Den 2017-11-24 kl. 20:04, skrev Quentin Liu:

Yes, you could pass the function a list of strings as well. A string is just a list of Chars. The type signature `a` does not restrict the range of types you could pass to the function.
 
That seem strange to me. Wouldn't that mean that i could write the declaration of myOrderFunc as `myOrderFunc :: a -> a -> Ordering` as well? GHCI give me an error on this though so obviously it's wrong. I just don't see why. Why cannot a represent [b]?

Could you copy and paste the error message here?
Sure, the error i get follows
```
exercises.hs:33:13:
    Couldn't match expected type ‘[b0]’ with actual type ‘a’
      ‘a’ is a rigid type variable bound by
          the type signature for myOrderFunc :: a -> a -> Ordering
          at exercises.hs:31:16
    Relevant bindings include
      y :: a (bound at exercises.hs:32:15)
      x :: a (bound at exercises.hs:32:13)
      myOrderFunc :: a -> a -> Ordering (bound at exercises.hs:32:1)
    In the first argument of ‘myLen’, namely ‘x’
    In the first argument of ‘(<)’, namely ‘myLen x’
Failed, modules loaded: none.
```
Attaching the updated exercises.hs for reference.
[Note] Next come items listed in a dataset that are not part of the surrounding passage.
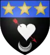 De sable, au cœur d'argent traversé d'une flèche de gueules, posée en bande et accompagné en pointe d'un croissant d'argent ; au chef cousu d'azur chargé de trois étoiles d'argent.[4],[6] |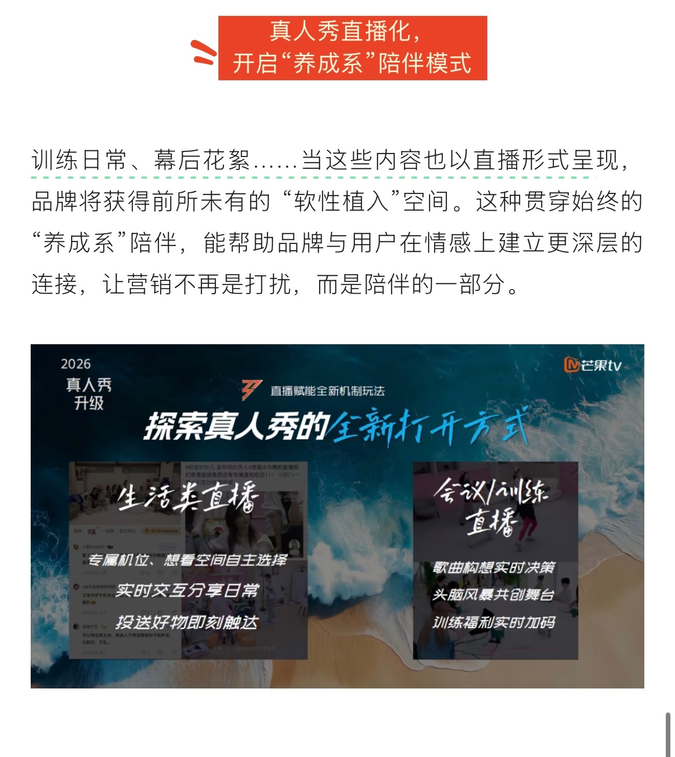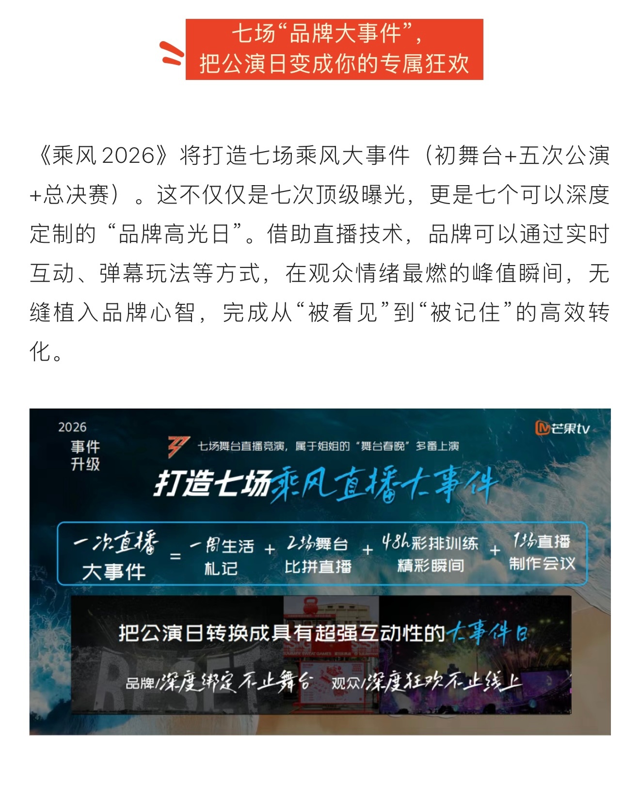 乘风2026将全程直播?玩真的呀?令人心动的不仅是阵容,节目也将迎来一次全新的升级——全舞台直播。这不仅是节目形态的改变,更是为品牌主打开了一扇通往“零时差、强互动、高转化” 全新营销场域的大门。直播这种即时互动带来的“真实感”与“不确定性”,是任何精心剪辑的录播都无法替代的。它让观众从“旁观者”变成了“参与者”,情绪被实时调动,话题被瞬间引爆。《乘风2026》将把这种“直播力”贯彻到底——从初舞台到总决赛,全程直播。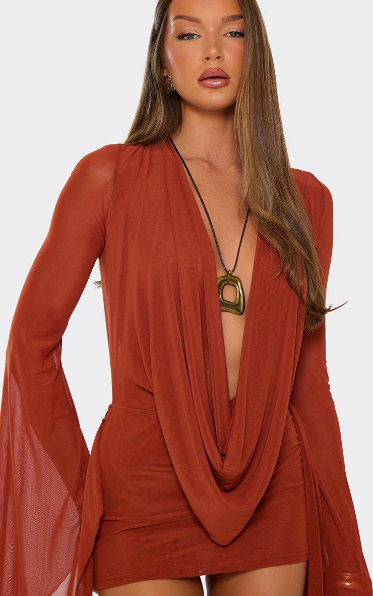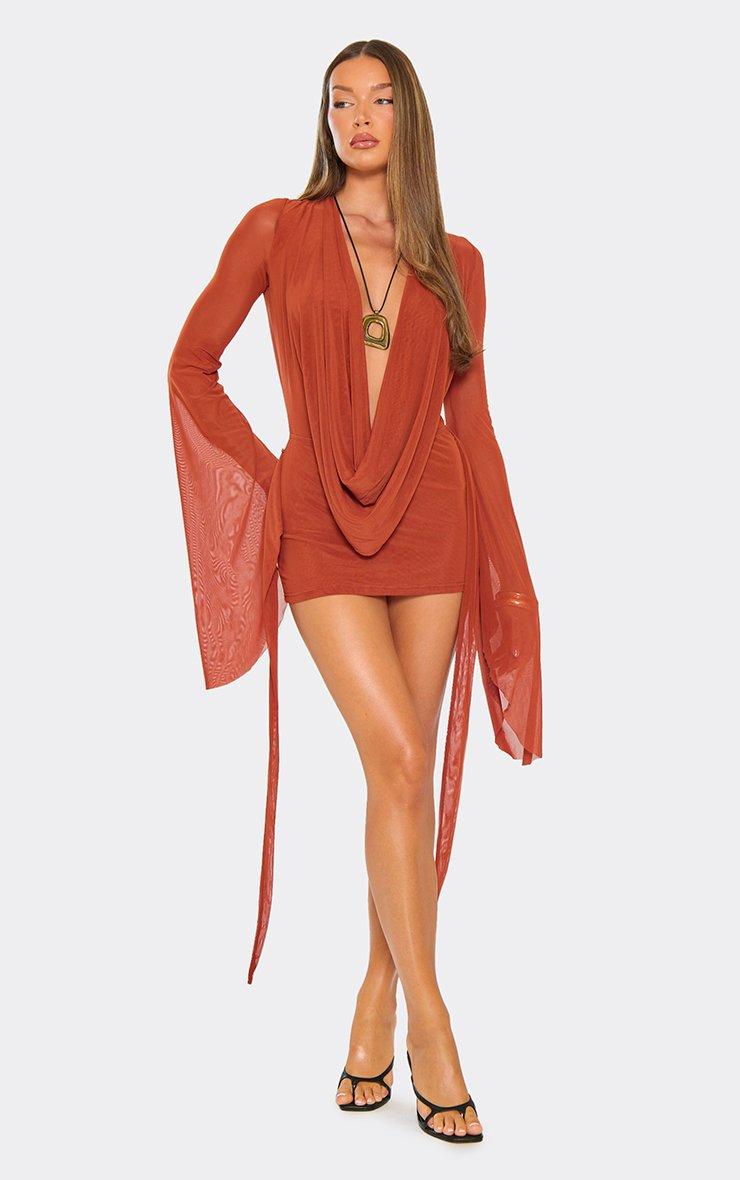 Exaggerated Sleeve Cowl Neck Open Tie Back Detail Mini Dress In Rust

I'm still not very good at interpreting Haskell's error messages, they are quite cryptic to me. My interpretation/guess of the above is that my `a` is too 'wide' or how you express it. Haskell seem to expect some form of list. Most likely since i want a length and lists are perhaps everything in Haskell that can produce a length. I've hardly scratched the surface of what i imagine is Haskell so i cannot say anything for sure yet.


The way I use to think about type signature is, when you trying to substitute type variables such as `a`, substitute it into a concrete type that you are working with.
I'm having a hard time understanding your way of thinking about type signatures. Could you perhaps elaborate a bit more on it?